Hussain15 wrote:
In a village of 100 households, 75 have at least one DVD player, 80 have at least one cell phone, and 55 have at least one MP3 player. If x and y are respectively the greatest and lowest possible number of households that have all three of these devices, x – y is:
A. 65
B. 55
C. 45
D. 35
E. 25
A more algebraic approach:
If we denote by \(N_2\) the number of households with exactly two types of devices, and by \(N_3\) the number of those with all three types, than we can write the following equation:
\(100=75+80+55-N_2-2N_3,\) from which we get that \(N_2+2N_3=110.\)
Households with exactly two types of devices we counted twice, so we have to subtract them once.
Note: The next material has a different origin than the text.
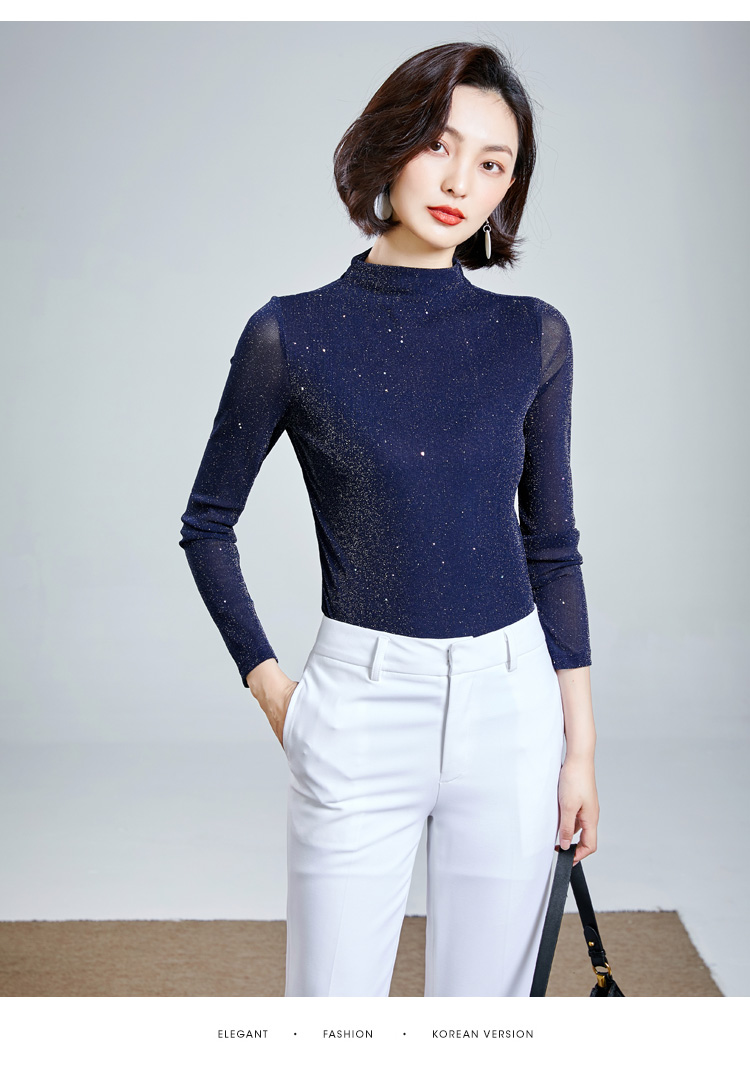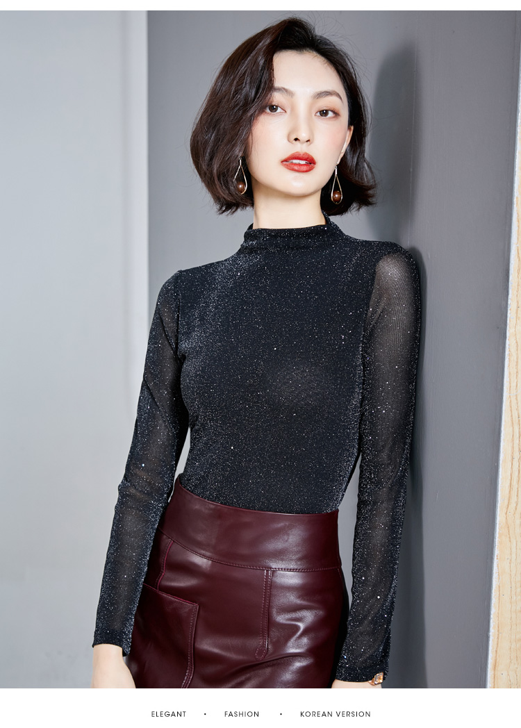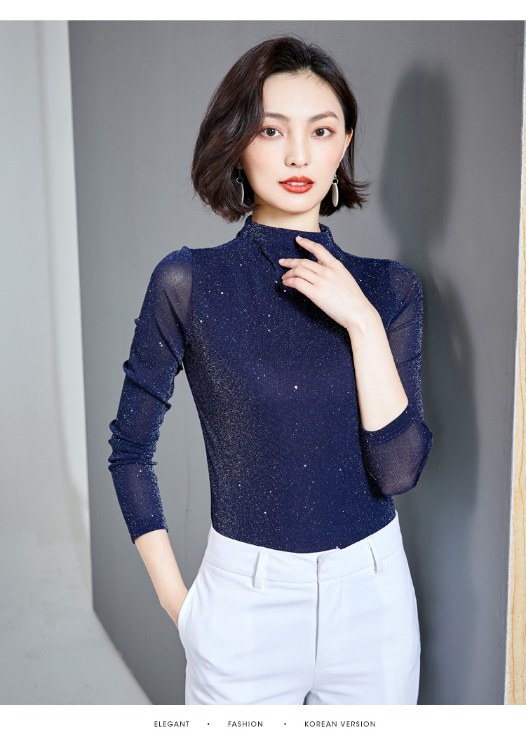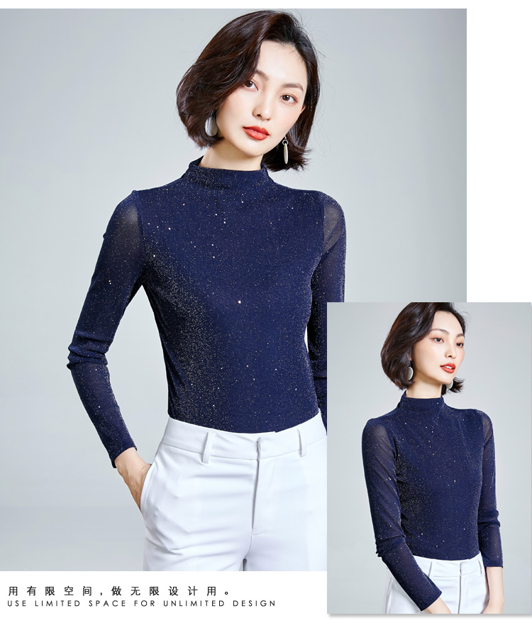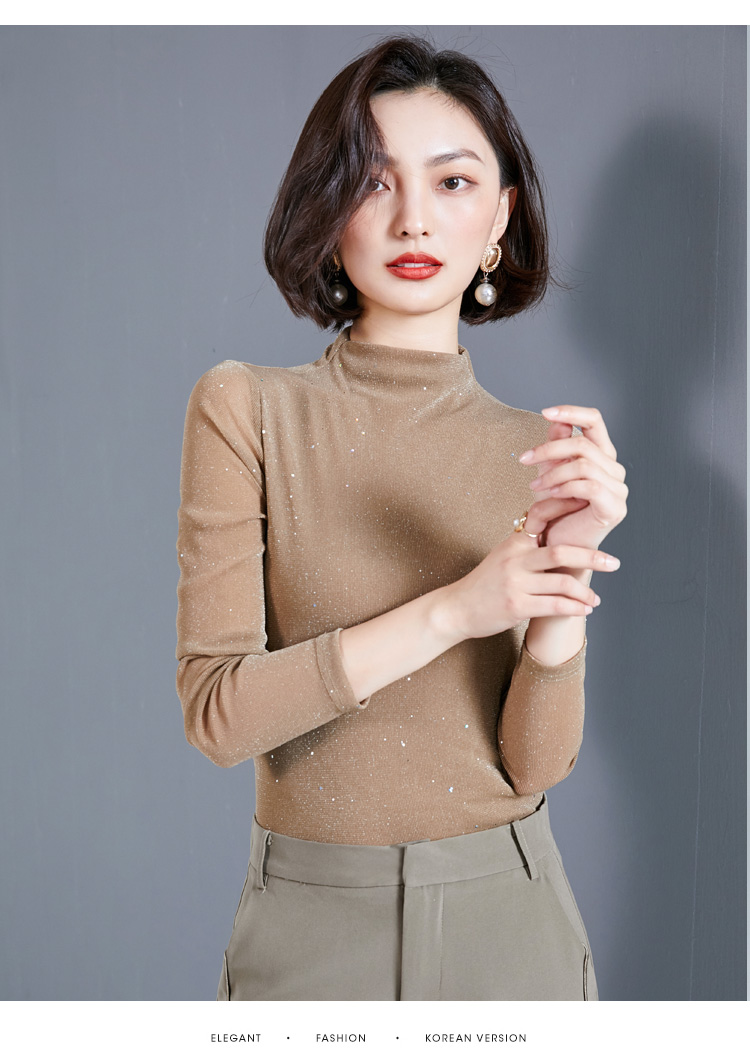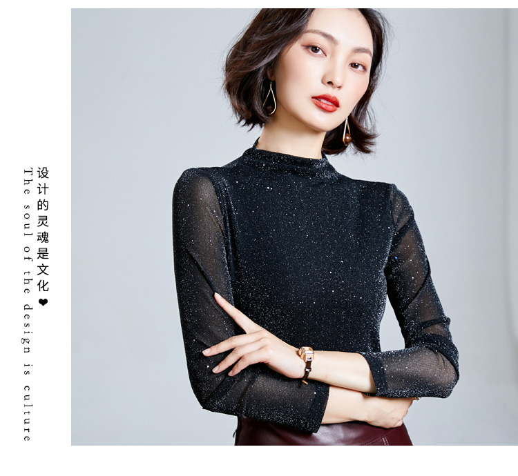 雀说 高领网纱打底衫女秋冬内搭闪光丝洋气小衫亮丝上衣女4ZF-MZ803602

Households with exactly three types of devices we counted three times, therefore we have to remove them twice.
Maximum for \(N_3\) is 55, in which case \(N_2=0\), meaning there are no households with exactly two types of devices, but only either with just one type or all three of them. Everybody who has an MP3 player, also has a DVD player and a cell phone.
In order to determine the minimum number of households with exactly three types of devices, let's take a look at the possible combinations of two devices. If \(N_3\) is minimum, there should be households with exactly two types of devices but not three.
All types of devices, but also those having exactly two types, explicitly DVD players and Cell Phones - If \(N_{DC}\) is the number of households that have exactly these two types of devices, then \(N_{DC}+N_3\geq75+80-100=55\).
All types of devices, but also those having exactly two types, explicitly DVD players and MP3 players - If \(N_{DM}\) is the number of households that have exactly these two types of devices, then \(N_{DM}+N_3\geq75+55-100=30\).
All types of devices, but also those having exactly two types, explicitly Cell phone and MP3 players - If \(N_{CM}\) is the number of households that have exactly these two types of devices, then \(N_{CM}+N_3\geq80+55-100=35\).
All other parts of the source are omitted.